Figure 4A shows the group averaged temporal spectral evolution plots for the Z-score normalized baseline and 15–30 Hz (beta) band responses following proprioceptive stimulation. Peak beta suppression post-proprioceptive stimulation was significantly stronger in older subjects compared to young subjects (Young: −5.8 ± 1.3 vs. Older: −7.6 ± 1.7, P = 0.010). No significant differences were observed in the peak beta rebound post-proprioceptive stimulation (Young: 13.0 ± 12.1 vs. Older: 13.0 ± 8.8, P = 0.999) nor in the latencies for peak suppression (Young: 339 ± 120 vs. Older: 270 ± 65 ms, P = 0.121) or rebound (Young: 660 ± 134 vs. Older: 746 ± 146 ms, P = 0.079). No between-group differences were observed in the peak frequency of suppression (Young: 22.9 ± 3.5 Hz vs. Older: 25.2 ± 3.4 Hz, P = 0.603) or rebound (Young: 22.3 ± 5.9 Hz vs. Older: 21.1 ± 4.8 Hz, P = 0.135) after proprioceptive stimulation, nor during resting conditions (Young: 20.6 ± 2.3 Hz vs. Older: 21.2 ± 2.4 Hz, P = 0.533).


Figure 4. Temporal spectral evolutions for 15–30 Hz (beta) band in the young (n = 11, red color) and older (n = 12, blue color) for the dominant (i.e., right) leg. Data is presented normalized to baseline based on z-score transformations (A), and as non-baseline normalized units (B). Standard error regions about the mean have been shaded. The vertical line at 0 s represents movement onset. The 23 ms delay has been removed.

Beta Power at Rest

Absolute beta power during the baseline period (pre-stretching) was significantly stronger in the older subjects compared to the young subjects (Young: 4.0 ± 1.6 fT vs. Older: 5.6 ± 1.7 fT, P = 0.044, Figure 4B).
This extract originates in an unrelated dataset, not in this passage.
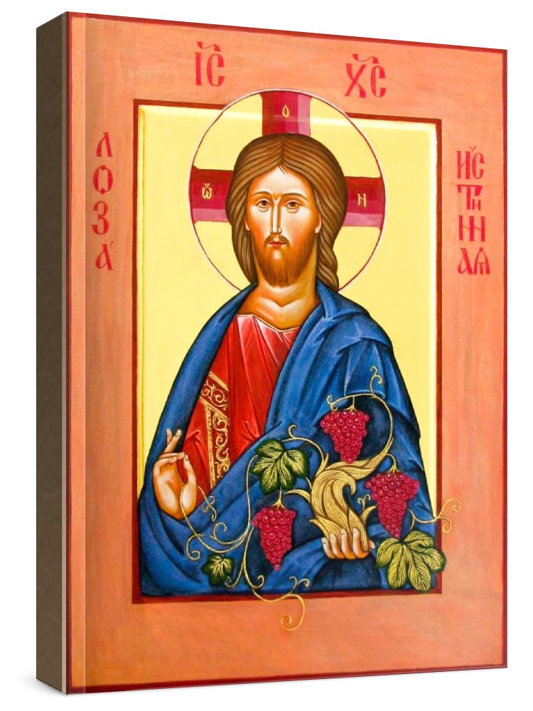 Икона христос лоза истинная (виноградная лоза). Икона на заказ. Срок изготовления - 5-14 дней. Изображение нанесено на основу из натурального хвойного дерева методом прямой печати (не полиграфия). Деревянная основа иконы подвержена искусственному старению. Лик покрыт специальным лаком, что защищает икону от воздействий окружающей среды и обеспечивает хранение иконы в первозданном виде в течение нескольких десятилетий. Цена зависит от размера иконы (высота может незначительно отличаться от указанной величины в связи с точным соблюдением пропорций образца-оригинала): 10x13 - 1500 руб. 30x40 - 5000 руб. 60x80 - 15000 руб. 15x18 - 2250 руб. 40x60 - 8000 руб. 80x120 - 20000 руб. 20x25 - 3000 руб.

After the stimulation, the suppression in beta power in older subjects resulted in similar beta power (fT) compared to young subjects over ~750 ms (Figure 4B).

Dynamic Standing Balance Performance

Velocity of CoP displacement differed significantly between groups (Young: 341 ± 52 vs. Older: 410 ± 81 mm·s−1, P = 0.037), however, CoP displacement did not differ significantly between groups (Young: 130 ± 10 vs. Older: 138 ± 29 mm, P = 0.393).

Correlation Analyses

CoP displacement from the perturbations was inversely related to the right leg following proprioceptive stimulation 15–30 Hz suppression (r = −0.478, P = 0.038, n = 19, Figure 5A). i.e., worse balance performance was associated with stronger beta suppression.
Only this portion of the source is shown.